Transient receptor potential (TRP) cation channels are important components of many cellular and sensory systems, such as osmosensation, photosensation, taste sensation, and thermosensation (1, 2). In Drosophila, Caenorhabditis elegans, and lower vertebrates, mutations in TRP channels have also been associated with loss of sensitivity to touch and other forms of mechanical stimulation (3–5). Besides the general notion that they conduct cations, TRP channels have quite diverse structural and functional properties (1, 2).

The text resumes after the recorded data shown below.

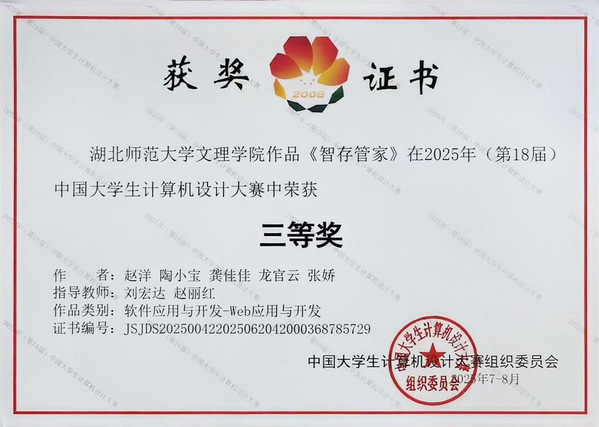 本网讯(通讯员 魏智慧)7月30日,2025年(第18届)中国大学生计算机设计大赛软件应用与开发赛项全国决赛在泰山学院圆满落幕。Leyu Sports腾讯云大数据产业学院代表队(成员:赵洋、陶小宝、龚佳佳、龙官云、张娇,指导教师:刘宏达、赵丽红)凭借创新型Web应用开发项目《智存管家》荣获全国总决赛三等奖。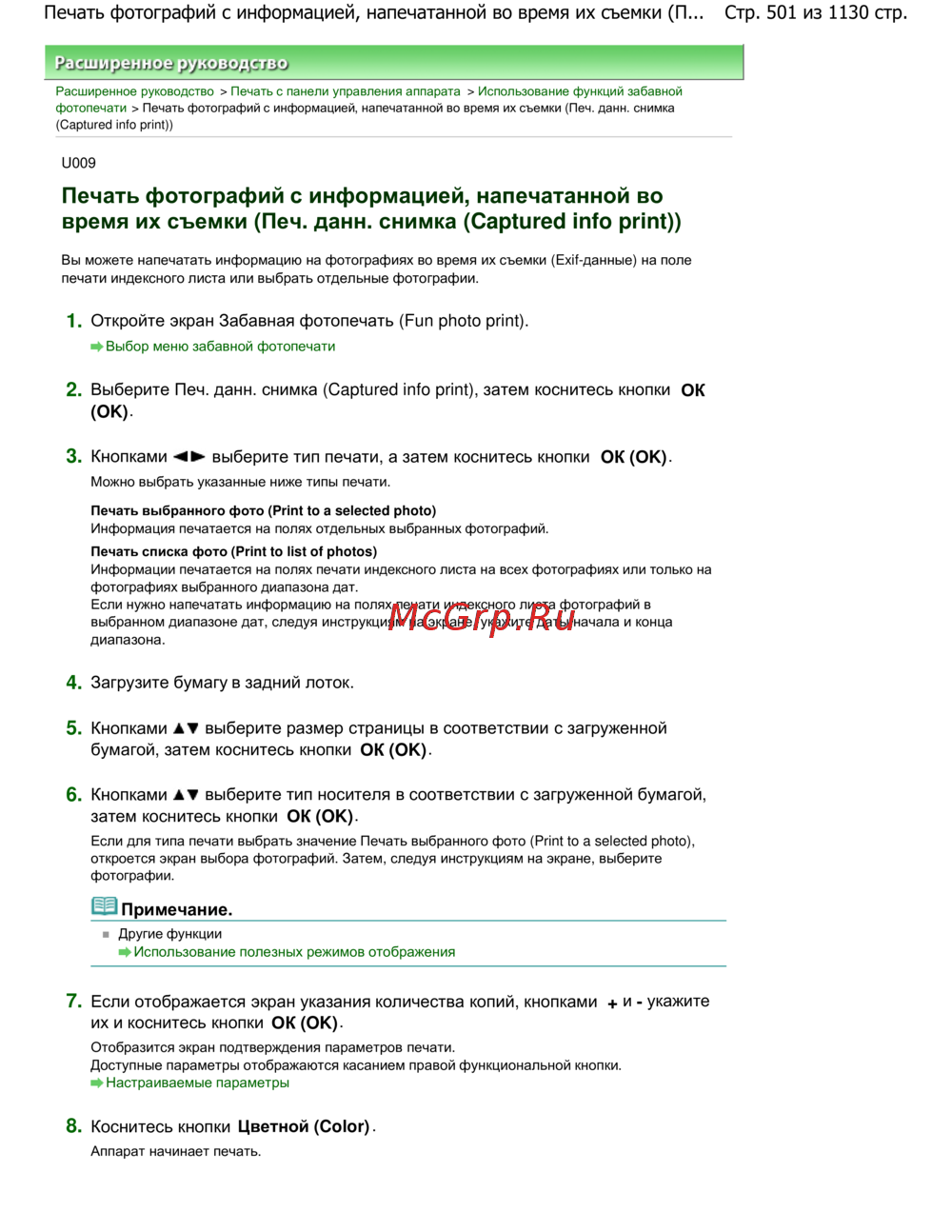 Стр. 501 из 1130 стр.Печать фотографий с информацией, напечатанной во время их съемки (П...
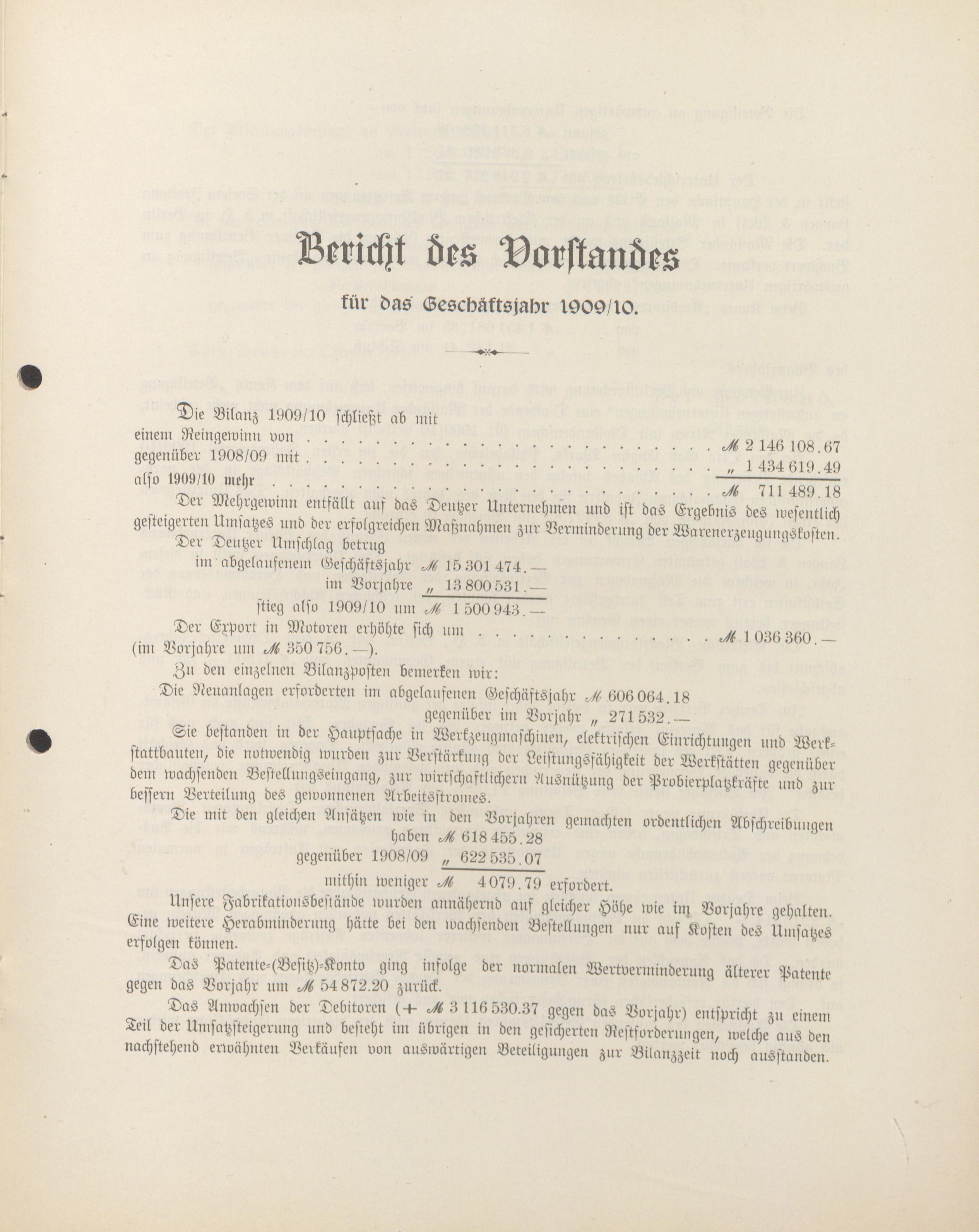 Geschäftsbericht der Gasmotoren-Fabrik Deutz

The identification of mutations in the human mucolipin (TRPML1) gene as the cause of mucolipidosis type IV, a neurodegenerative, recessive, lysosomal storage disorder characterized by psychomotor retardation and visual impairment, led to the initial description of the TRPML subfamily (6, 7). The mammalian TRPML subfamily consists of three members: TRPML1, TRPML2, and TRPML3. Like other TRP channels TRPML proteins contain six putative transmembrane domains with cytosolic amino and carboxyl termini. A mutant isoform of murine Trpml3 has recently been identified as the underlying cause of the varitint-waddler (Va) phenotype that is manifested in profound deafness, vestibular defects, pigmentation deficiencies, sterility, and perinatal lethality (8, 9). The Trpml3 (Va) allele displays an alanine to proline substitution at amino acid position 419 (A419P) in the fifth transmembrane domain of TRPML3 (8) [supporting information (SI) Fig. 5]. A second amino acid substitution (I362T) positioned at the second extracellular loop arose in cis to A419P, resulting in the Va^J allele that attenuates and partially rescues the severe Va phenotype by an unknown mechanism.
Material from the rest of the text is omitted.